Personal information
- Nationality: Indian
- Born: 2 March 1988 (age 38)
- Height: 1.54 m (5 ft 1 in)

Sport
- Sport: Sepak takraw

Medal record
Representing India
Asian Games
| Bronze medal – third place | 2022 Hangzhou | Women's regu |

= Chaoba Devi Oinam =

Indian sepak takraw player

Chaoba Devi Oinam (born 2 March 1988) is an Indian sepak takraw player. She won a bronze medal in the women's regu event at the 2022 Asian Games. The Indian team consisting of Maipak Devi Ayekpam, Chaoba Devi Oinam, Khushbu, Priya Devi Elangbam and Leirentom Bi Devi Elangbam lost Thailand 10-21, 13-21 in the semifinals.
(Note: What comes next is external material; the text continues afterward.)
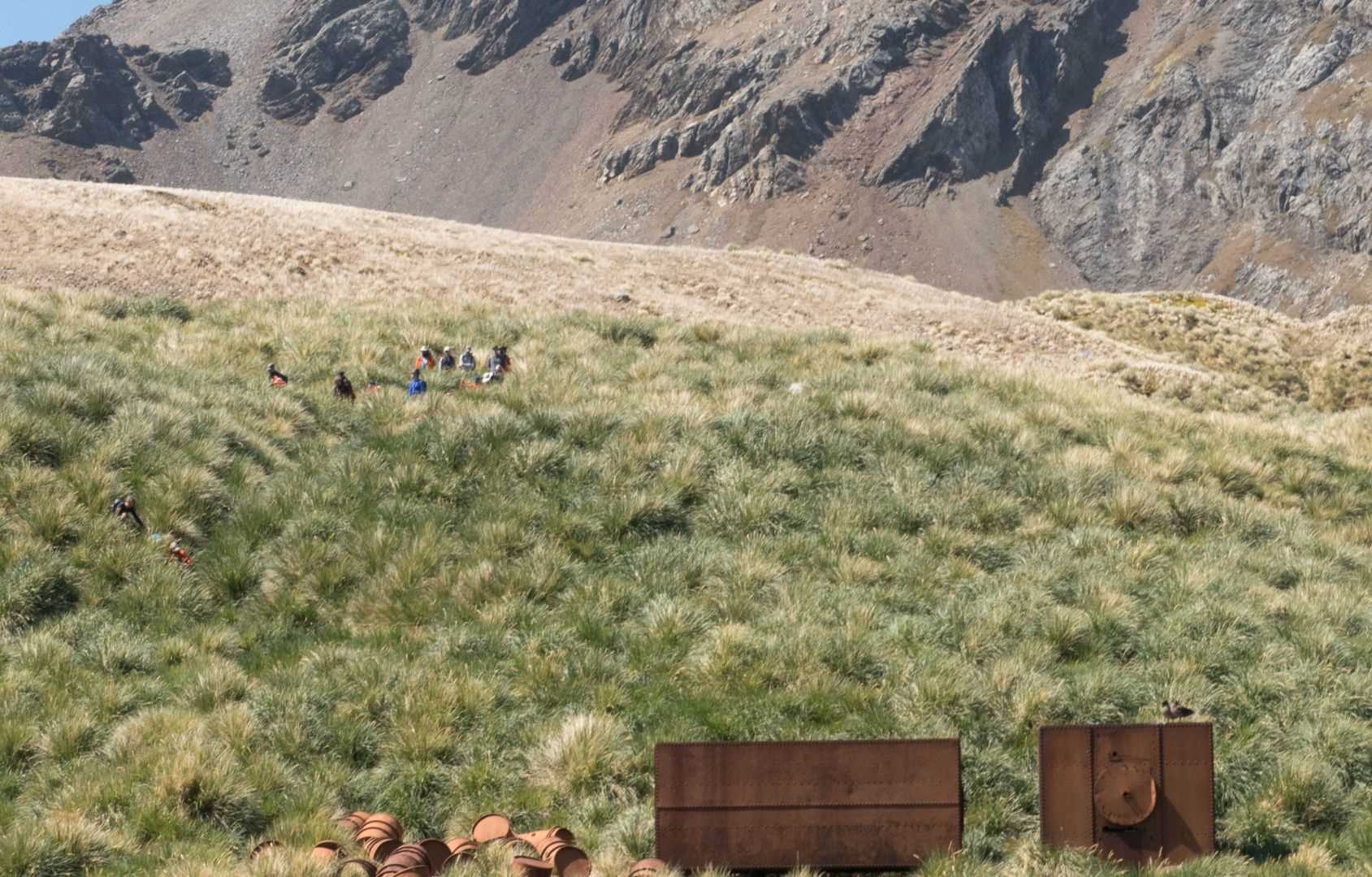 Our morning’s activities included a long hike from a rocky coastline dotted every 8 or 9 feet by a male fur seal. The hikers carefully picked their way steeply up the tussock slope to a plateau where they split into groups exploring the birdlife and vegetation around Lake Aviemore and on the rolling hills beyond. The rest of us enjoyed the cove by Zodiac cruise, soaking up the sun’s rays while admiring the fur and elephant seals on the shore, nesting South Georgia shags, stunning cliff faces covered with mosses and lichens and even a brief encounter with a curious leopard seal at the end of round one!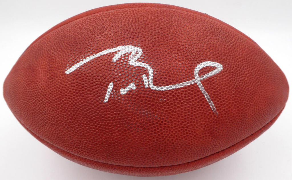 This is an NFL Leather Football that has been hand signed by Tom Brady. There is an imperfection in the signature as shown. This item has been certified authentic by TriStar and comes with their tamper-proof sticker and matching certificate of authenticity.

In Sepak Takraw both losing semifinalists get the bronze medals.

== Early life ==
Chaoba Devi is from Manipur and her first major championship was 2014 Asian Games in South Korea. She started training at the Sports Authority of India (SAI) North-East Regional Centre from 2011 to 2016. She is currently employed as a Physical Education teacher (PET) in the Youth Services and Sports (YAS) Department, Manipur.